É a adoção de uma visão muito realista a seu respeito. A compreensão das suas potencialidades. Também passa por uma evolução na tua relação com o outro: você faz o que faz para o outro porque é necessário fazer. Uma vez feito, não tem por que esperar qualquer coisa em retorno. Se vier, bem. Se não vier, amém.
Em compensação, gente acostumada a se sentir bem consigo mesma busca isso como modo de vida: a satisfação. A experiência.
E sentir-se bem não é um estado de permanência: é uma situação. É fugaz. Em algum momento a felicidade chega, te abraça e tudo é maravilhoso – especialmente você (na sua cabeça).
Mas ela vai embora. Ela. Vai. Embora. E deixa um vazio, e você tem que lidar com quem é de fato, com o que sua vida é na verdade, com o mundo e o que ele te oferece (muito, muito pouco).

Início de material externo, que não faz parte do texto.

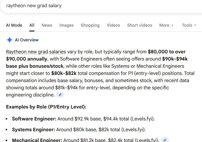 >>526177758I worked for Raytheon when I first graduated as a Systems Engineer (ME degree though). I started at 60k in 2012. I kept in touch with people though and during covid, the market went crazy. STEM starting engineers is absolutely around 90k (in the defense sector) and at RTX specifically. I am now at 200k at a different company, but I did fast track a bit because skills.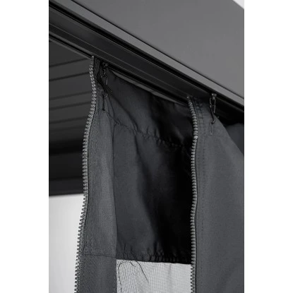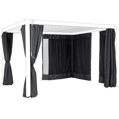 Qualitativ überzeugen Vorhang und Netz durch die Fertigung aus strapazierfähigem Polyester. Dank der pflegeleichten Eigenschaften ermöglichen Sie Ihnen eine einfache Reinigung. Zur Befestigung dienen langlebige und stabile Schienen aus Aluminium. Ausgestattet sind Eckvorhang und Netz zudem mit praktischen Verschlüssen, sodass Sie die Pergola vollständig schließen können. Im Lieferumfang sind vier Vorhänge inklusive.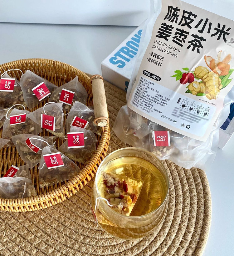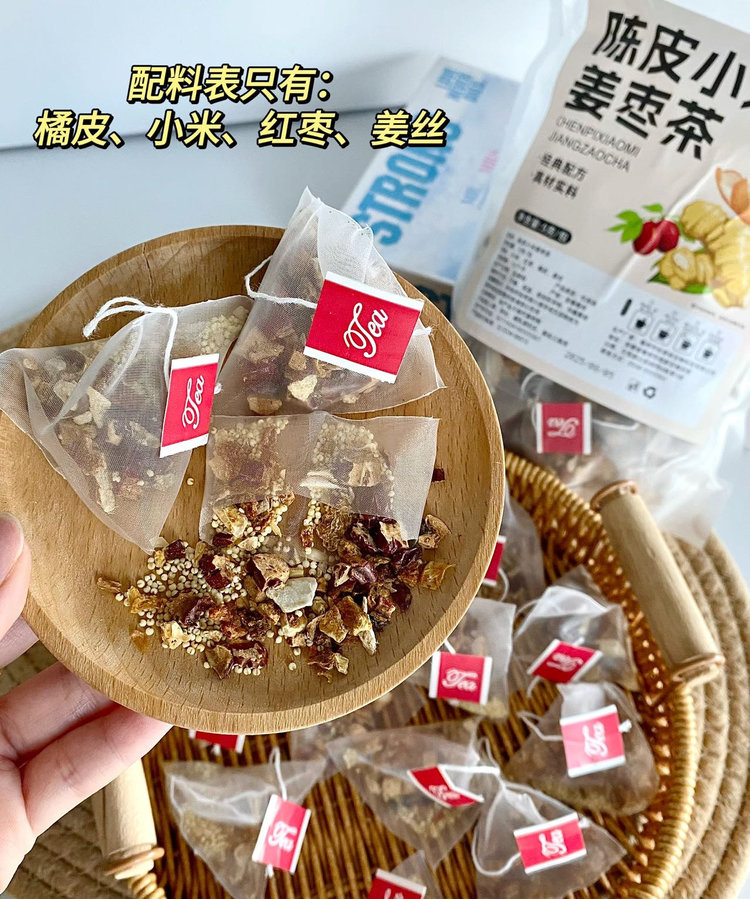 【陈皮小米姜枣茶】19.9💰到手60包❗️✅无添加❗️只有小米,姜丝,橘皮,红枣!✅独立小茶包,每天一杯♨️暖暖的真的很舒服!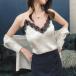 レディース キャミソール タンクトップ トップス ノースリーブ インナー 滑らか 2点セット ゆったり レースタンク シルク風 シンプル Vネック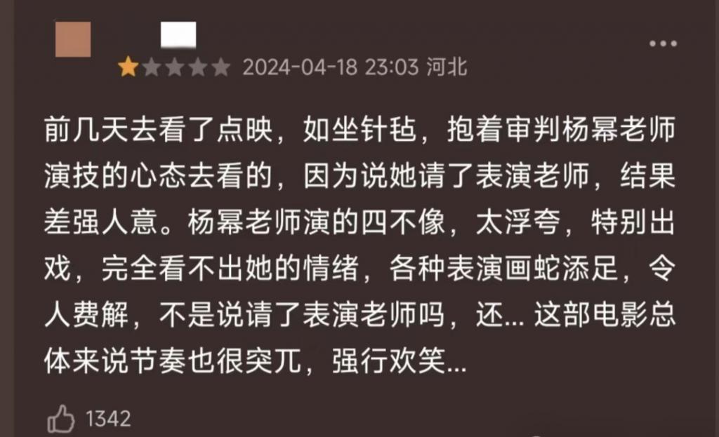 据说杨幂在电影中的表现还不错,也有自己的高光段落,能看出努力,但也有影评人表示用力稍猛,总的来说是在踏踏实实做戏。
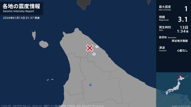 13Æü¸áÁ°1»þ34ʬ¤´¤í¡¢Ë̳¤Æ»¤ÇºÇÂç¿ÌÅÙ1¤ò´Ñ¬¤¹¤ëÃϿ̤¬¤¢¤ê¤Þ¤·¤¿¡£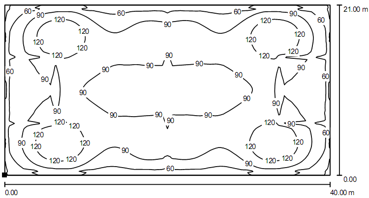 Bố trí đèn sân bóng đá 40 x 60: Bố trí 12 đèn trên 6 cột 2 bên sân.
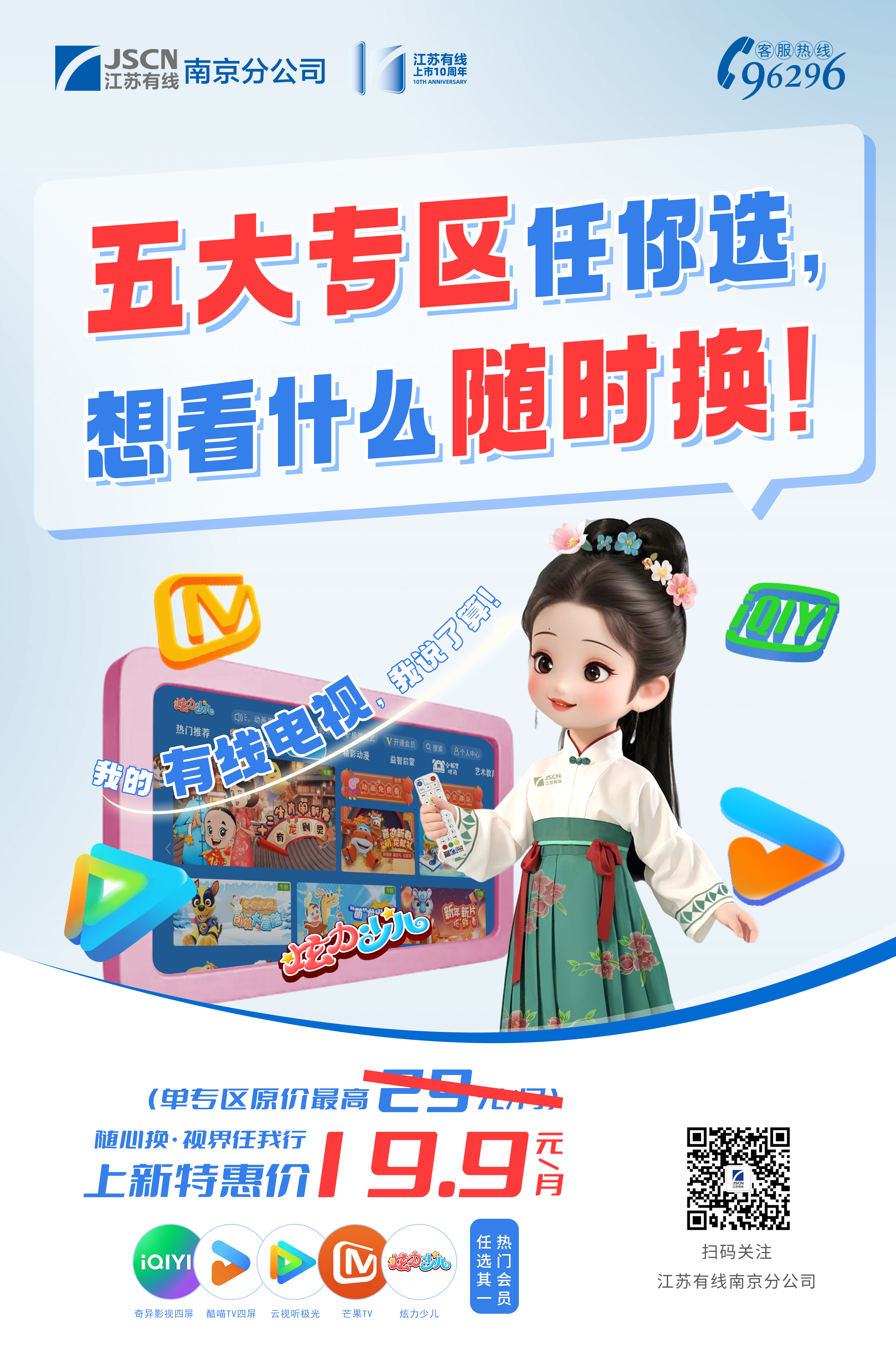 奇异影视四屏、酷喵四屏、 云视听极光大屏、芒果 TV、炫力少儿五大视频会员,每月随心换。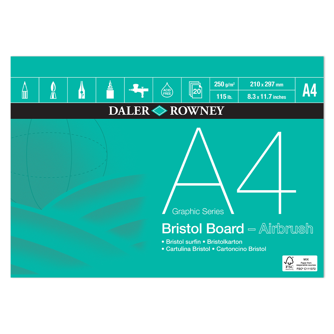 Daler-Rowney Bristol Board on erittäin tukeva, pinnoitettu paperi, joka soveltuu airbrush-siveltimelle. Toimii hyvin myös tussikynän, musteen, siveltimen ja lyijykynän/värikynän kanssa. 20 liimattua arkkia jokisessa lehtiössä. Paino/m2: 250 g.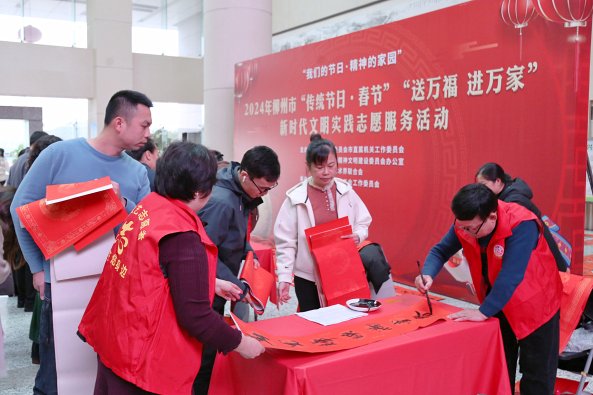 2月1日-2日,市直机关工会工委组织分别在文昌综合楼、启元大厦、三中路大院开展2024年柳州市“传统节日·春节”“送万福 进万家”新时代文明实践志愿服务活动,来自市直机关的1000多名职工群众参加。
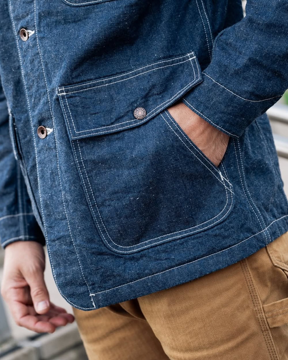 In a word: pockets. This is the USP of a worker shirt. Whether it’s the curvy flap pockets of a classic western shirt or the trio of patch pockets found on most chore jackets, pockets are a big part of what makes worker shirts the practical pieces they are.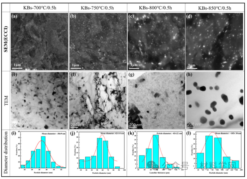 图10 KBs-700 °C/0.5 h (a, e, i)、KBs-750 °C/0.5 h (b, f, j)、KBs-800 °C/0.5 h (c, g, k) 和 KBs-850 °C/0.5 h (d, h, l) 的 SEM 和 TEM 图像以及直径分布图。

Quem toma gosto por se sentir bem, quem busca isso como um estado permanente, comete atrocidades impensáveis, contra si e os outros. Lança mão de todos os recursos possíveis em busca dessa porcaria: religião, drogas, álcool, festas, tratamentos estéticos mil, vida social, filhos, carreira acadêmica, dar trela pra coach…
É uma coisa medonha. E o tempo todo, a cada etapa, a pessoa continua, como bem disse1 o zarolho, tal e qual era antes: vazia até a medula.
A sensação de bem-estar é como a inspiração. Como os bons textos, os bons momentos. Ela vem? Vem. Mas apenas quando quer. Não adianta perseguir: é a corrida em busca do horizonte. Aceitar que a vida é uma merda, nossa espécie idem, você ibidem, sem autoflagelação, mas como um despertar de consciência, uma aceitação de si para si, é a melhor forma de ser feliz. É um paradoxo, mas é o que é: se você quer ser feliz, aceite-se infeliz.
Mais uma vez, correto estava o Bojack.
Aceite-se pequeno. Aceite-se ridículo. Aceite-se limitado. Pare de achar que você “merece” ser amado, que alguém te deve qualquer coisa (afeto, consideração, gratidão, atenção). Tudo aquilo que receber, receba como um ato de generosidade dos outros.
Pare de achar que irá realizar grandes feitos. Pare de considerar que existe qualquer coisa de grandiosa em relação a você.
Tente só não ser um pedaço de merda com perninhas e bracinhos.
Sua vida será melhor.
Você será muito melhor.
E, em alguns momentos, vai até se sentir bem consigo mesmo.
“O homem é um ser que foge para o futuro. Através de todos os seus empreendimentos ele procura não se conservar, como comumente se diz, nem crescer, mas fundar-se. E, ao fim de cada empreendimento, ele se encontra tal como era: gratuito até a medula. Daí as famosas decepções depois do esforço, depois do triunfo, depois do amor.”
Você trouxe o BoJack pra sua conversa, eu costumo levar a Diane pra minha. "Every happy ending has a day after the happy ending". E também "Sometimes life's a bitch, and you keep living".